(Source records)
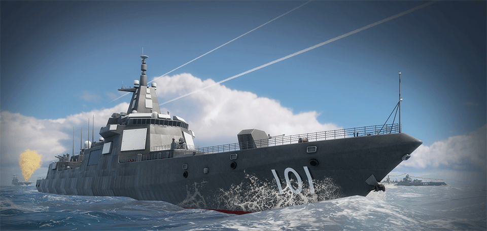 多用途对地打击驱逐舰,采用隐身设计与尖端科技,包括先进的动力系统、通信、导航和武器系统。
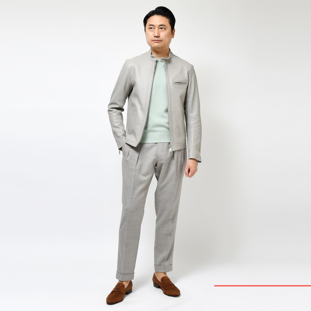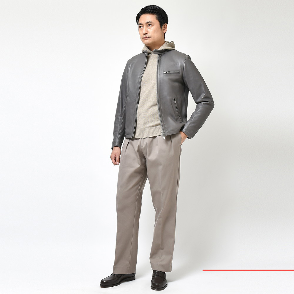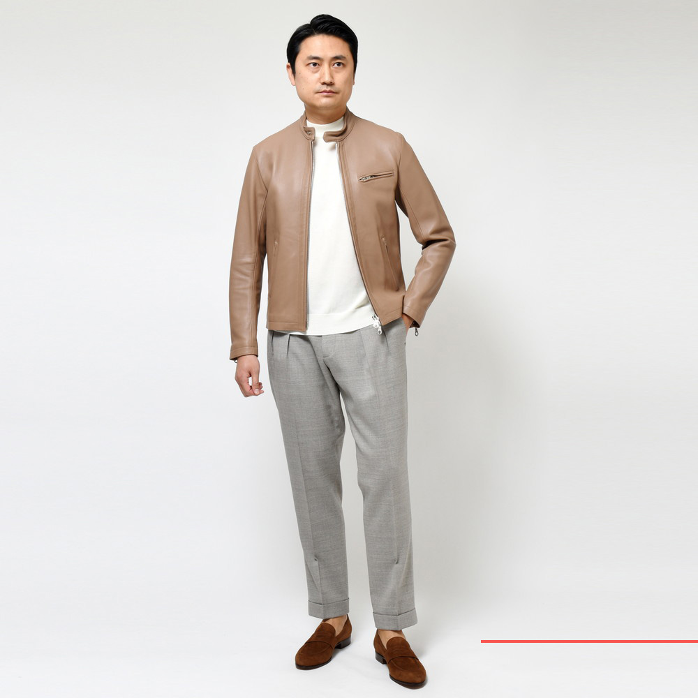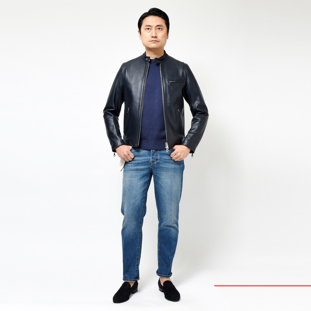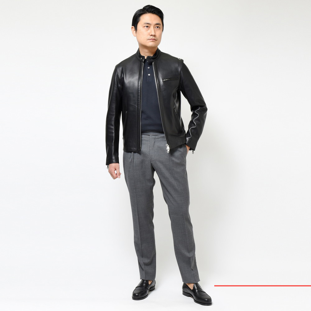 スマート且つスタンダードなライダースをお探しでしたら、まずこちらを選択肢に知れるのが良いかと思います。意外性はなくとも確実にスタイルの根幹になるであろうアイテムだと思います。
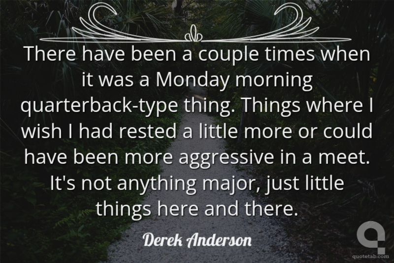 There have been a couple times when it was a Monday morning quarterback-type thing. Things where I wish I had rested a little more or could have been more aggressive in a meet. It's not anything major, just little things here and there.
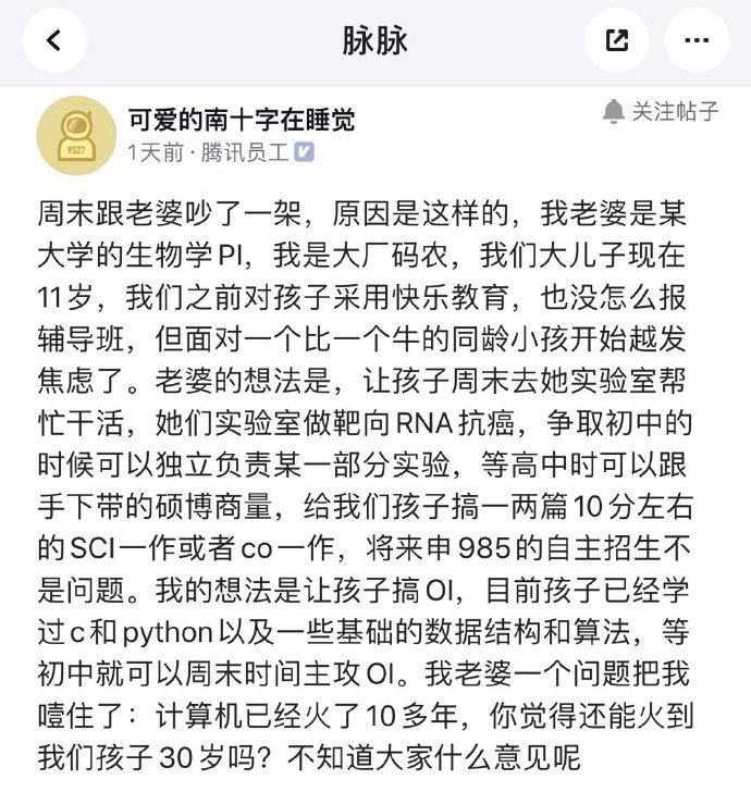 当“计算机火了10多年”的质疑撞上“快乐教育”的迷茫,这场关于孩子未来的“路线之争”,到底该怎么选?家人们,求支招!
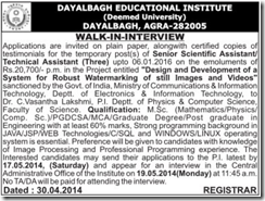 Dayalbagh Educational Institute (Deemed University) Agra (U.P.) - Walk in Interview for the temporary post of Senior Scientific Assistant/ Technical Assistant upto 06.01.2016 in the Project entitled "Design and Development of a System for Robust Watermarking of still Images and Videos" sanctioned by the Govt, of India. Ministry of Communications & Information Technology, Deptt. of Electronics & Information Technology, to Dr. C.Vasantha Lakshmi, P.I. Deptt. of Physics & Computer Science, Faculty of Science.

§ The task: Each record must be quoted in full and exactly. Do not include the pictures.

§ Result:
 多用途对地打击驱逐舰,采用隐身设计与尖端科技,包括先进的动力系统、通信、导航和武器系统。
 スマート且つスタンダードなライダースをお探しでしたら、まずこちらを選択肢に知れるのが良いかと思います。意外性はなくとも確実にスタイルの根幹になるであろうアイテムだと思います。
 There have been a couple times when it was a Monday morning quarterback-type thing. Things where I wish I had rested a little more or could have been more aggressive in a meet. It's not anything major, just little things here and there.
 当“计算机火了10多年”的质疑撞上“快乐教育”的迷茫,这场关于孩子未来的“路线之争”,到底该怎么选?家人们,求支招!
 Dayalbagh Educational Institute (Deemed University) Agra (U.P.) - Walk in Interview for the temporary post of Senior Scientific Assistant/ Technical Assistant upto 06.01.2016 in the Project entitled "Design and Development of a System for Robust Watermarking of still Images and Videos" sanctioned by the Govt, of India. Ministry of Communications & Information Technology, Deptt. of Electronics & Information Technology, to Dr. C.Vasantha Lakshmi, P.I. Deptt. of Physics & Computer Science, Faculty of Science.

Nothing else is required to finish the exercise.